If Simon ever had misgivings about subjecting his finely drawn characters to such cruel fates, you wouldn’t know it. He has been criticised in the past for his apparent lack of sentimentality for his creations—Salon‘s Matt Zoller Seitz was particularly upset by the rape episode. Writers who’ve toiled for Simon bristle at his willingness to kill off characters they’ve invested so much in. Just before the fourth season of The Wire premiered, I moderated a discussion between Simon and the novelist Richard Price, who wrote for the series and harbored some serious resentment toward his boss’s nihilism. (In an interview with the New Orleans Times-Picayune, Earle joked that Simon blames novelist George Pelecanos, another Wire veteran and Treme scribe, for being the “Dr. Death” behind many of the offending episodes.)
As a viewer who’s invested emotionally in Simon’s characters, I share that outrage over their fictional fates. But I also believe that outrage is something Simon himself feels and wants to inspire in others. At heart, he is still a crusading journalist who’s outraged by injustice and knows that it’s the rare story that ends up happily ever after. And as someone who has publicly lamented the decline of the newspaper industry and criticised the Fourth Estate for putting fiscal priorities ahead of civic responsibility, he knows that crusading reporters who strive to take down corrupt politicians and criminal conspiracies are an endangered species.

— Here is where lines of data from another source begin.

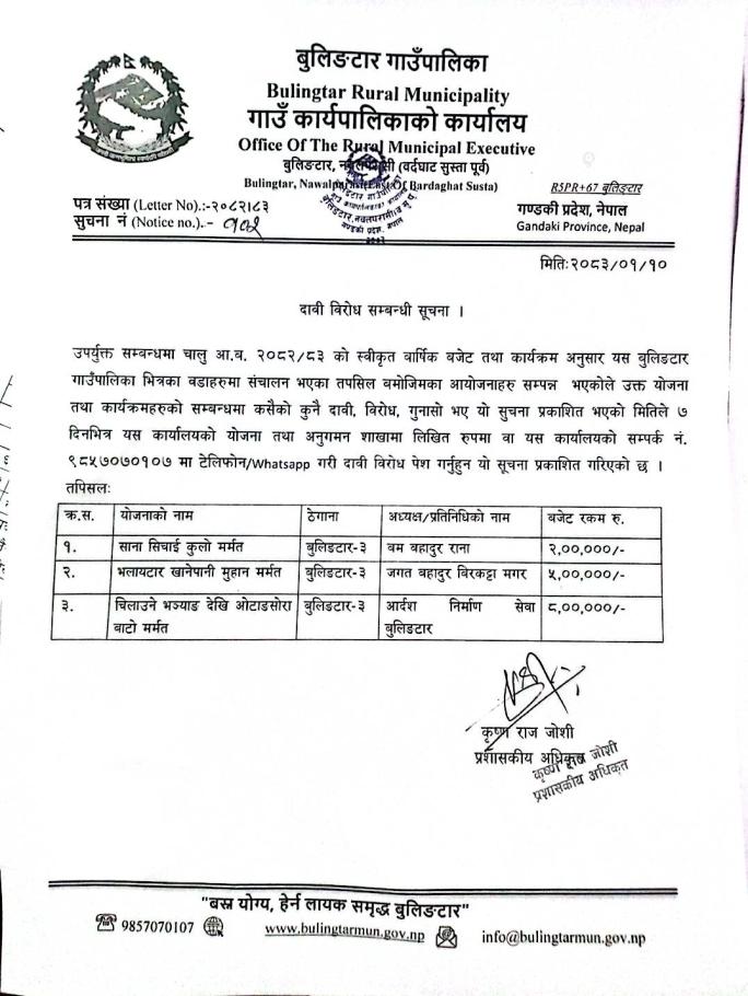 दावी विरोध सम्बन्धी सुचना !!!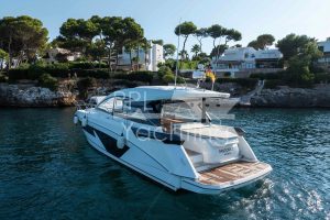 Like new Beneteau Gran Turismo 45 from 2023, first owner since new, german flag, VAT not paid (net sale possible) and with impeccable ship documentation and maintenance history. This MY is equipped with Volvo Penta D6-380 diesel engines with Joystick-control as well as a bow thruster making maneuvering in port a breeze. With a cruising speed of around 23kn, the engines run at 2,900 rpm and a combined consumption of approximately 90l/h, the maximum speed is an impressive 30kn at 3,550 rpm.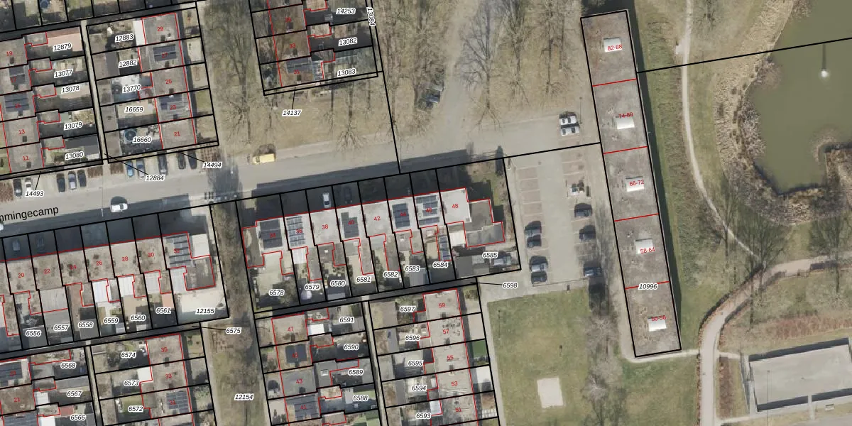 Tammingecamp 46 is gelegen op kadastraal perceel EMN00F6584. Deze kadastrale aanduiding is uniek en wordt gebruikt door het Kadaster om eigendomsrechten en andere zakelijke rechten vast te leggen. Het perceel maakt onderdeel uit van de kadastrale gemeente Emmen.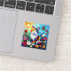 A sweet sticker with a cute illustration of a colorful abstract cat surrounded by flowers, butterflies and the sun in a paper quilling impasto style.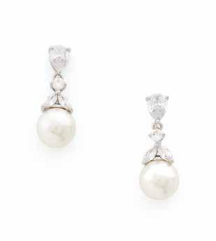 Rhodium plated earrings. Clear zircon. White synthetic pearls. 25mm drop.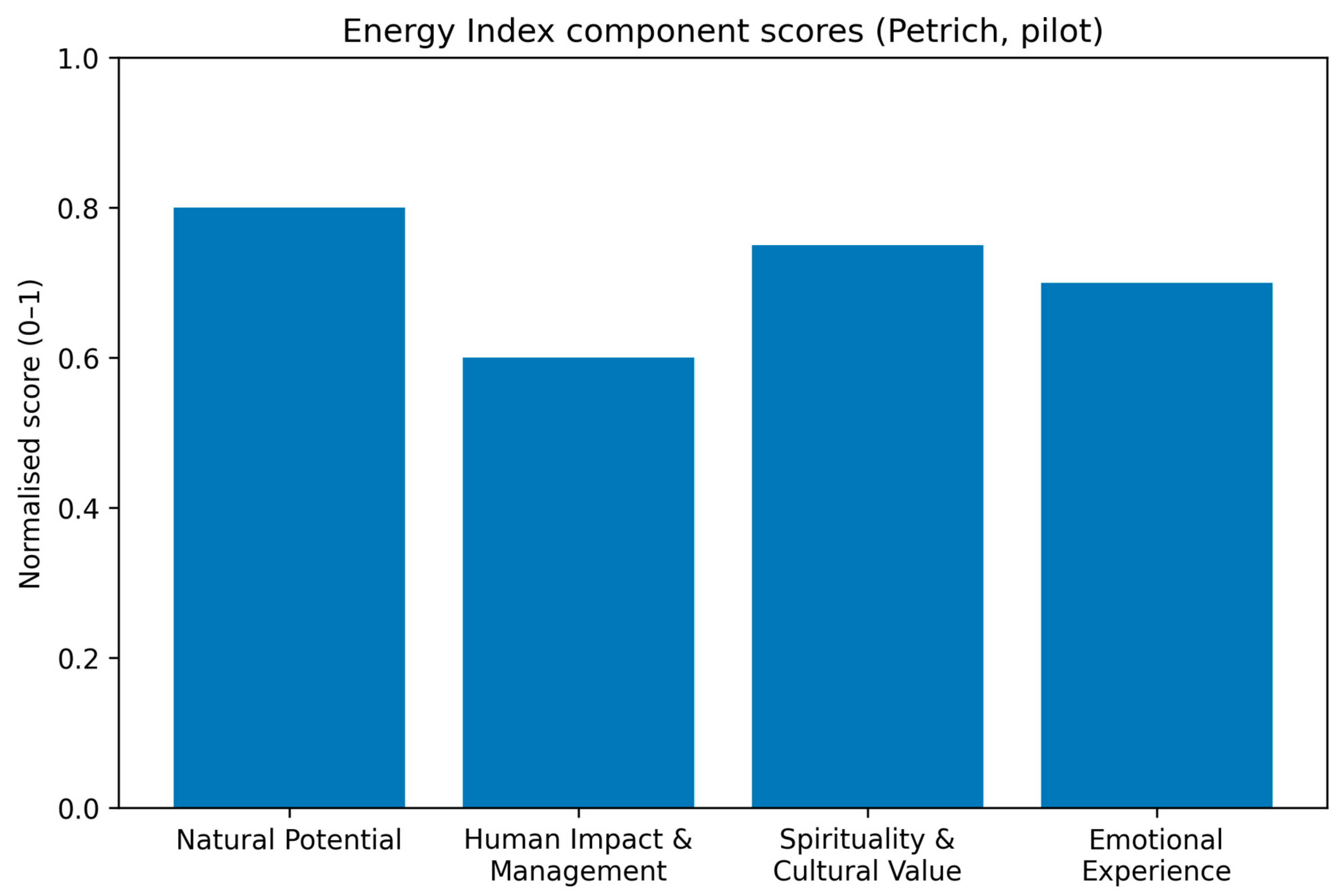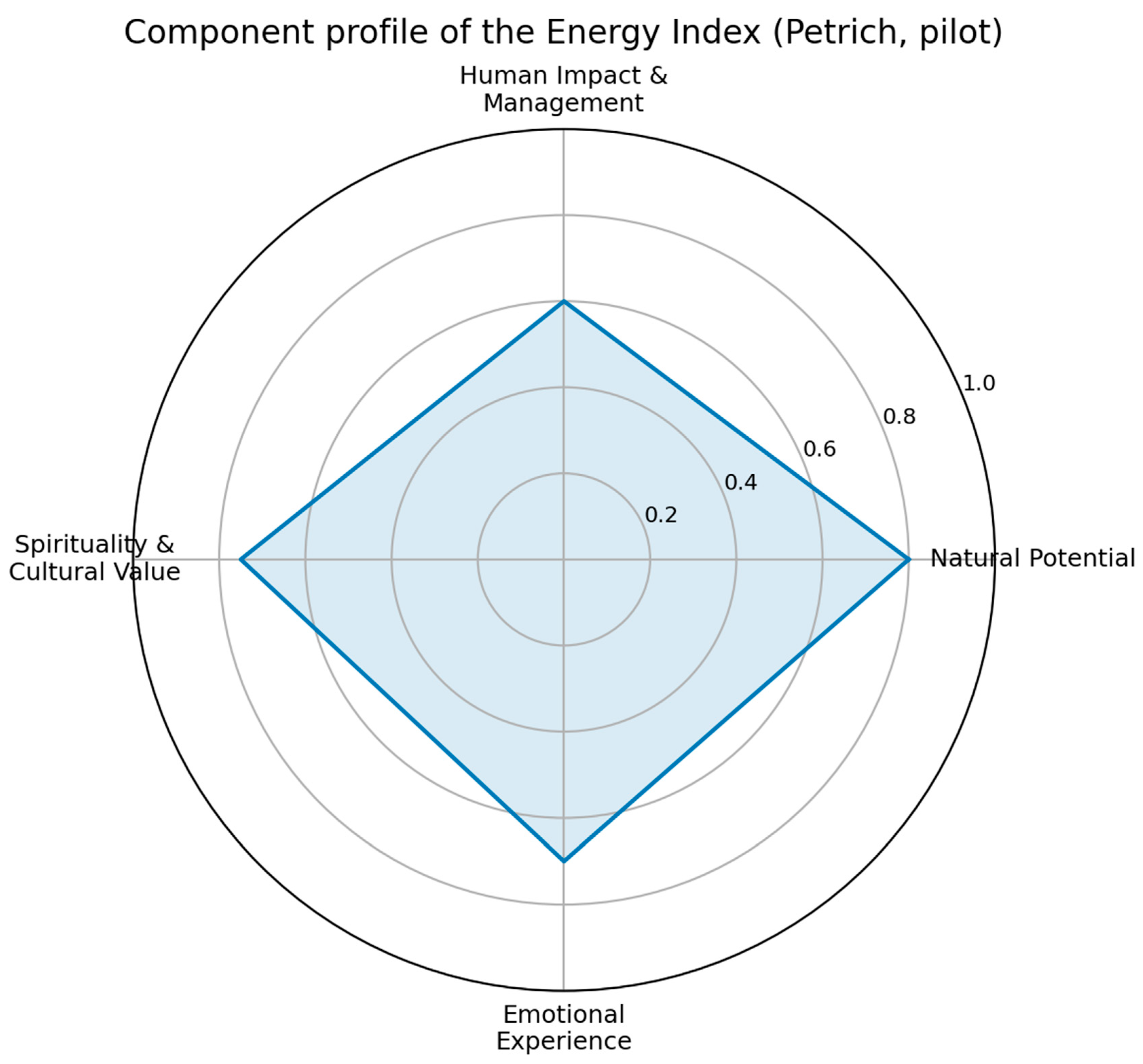 Babu & Abraham, 2024), which emphasizes that well-being outcomes are partly filtered through narrative, symbolism, and collective memory. In Petrich, the convergence of geothermal phenomena, spiritual symbolism associated with Baba Vanga, and archaeological heritage creates a multi-layered sense of place that reinforces perceived uniqueness. The analytical contribution of the Energy Index lies in making these intangible structuring factors visible within a measurable framework, without reducing them to purely subjective impressions.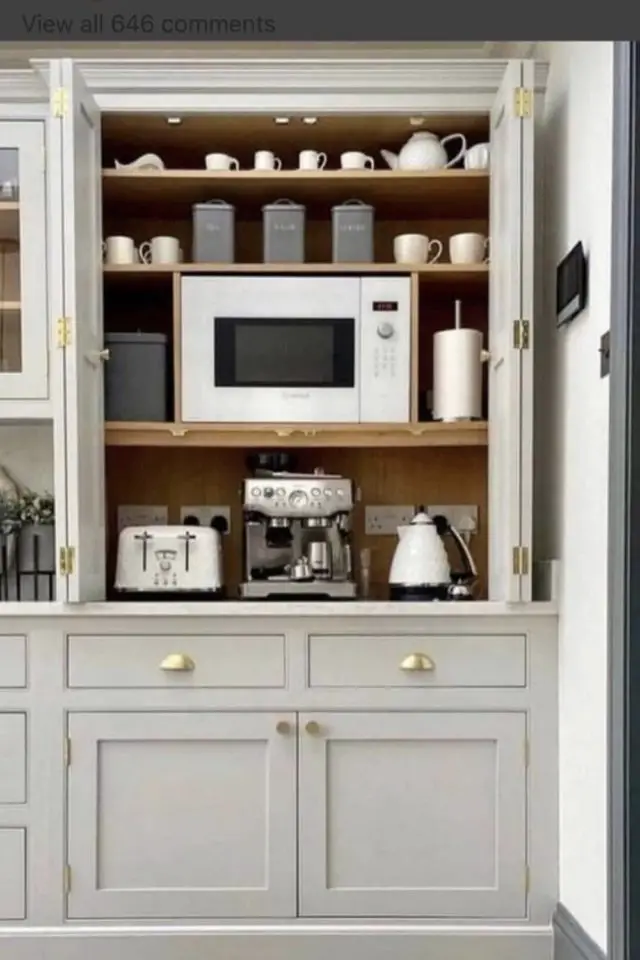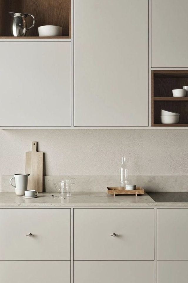 Même si je trouve très jolies les cuisines minimalistes avec un plan de travail vide, je préfère quand ma cuisine est pratique au quotidien. (Je n'ai jamais vécu dans une page de magazine déco). Sans pour autant encombrer le plan de travail, garder à vue uniquement ce qui sert tous les jours.

So instead of practicing watchdog journalism, Simon is in the business of watchdog fiction. In that sense, he’s on the other side of the coin from Jon Stewart and Stephen Colbert, who use humour and satire to fill the void left by actual news outlets. It’s an unstinting brand of agitprop TV, though, that demands a lot of viewers. Kudos to HBO for supporting it — at least for a third season.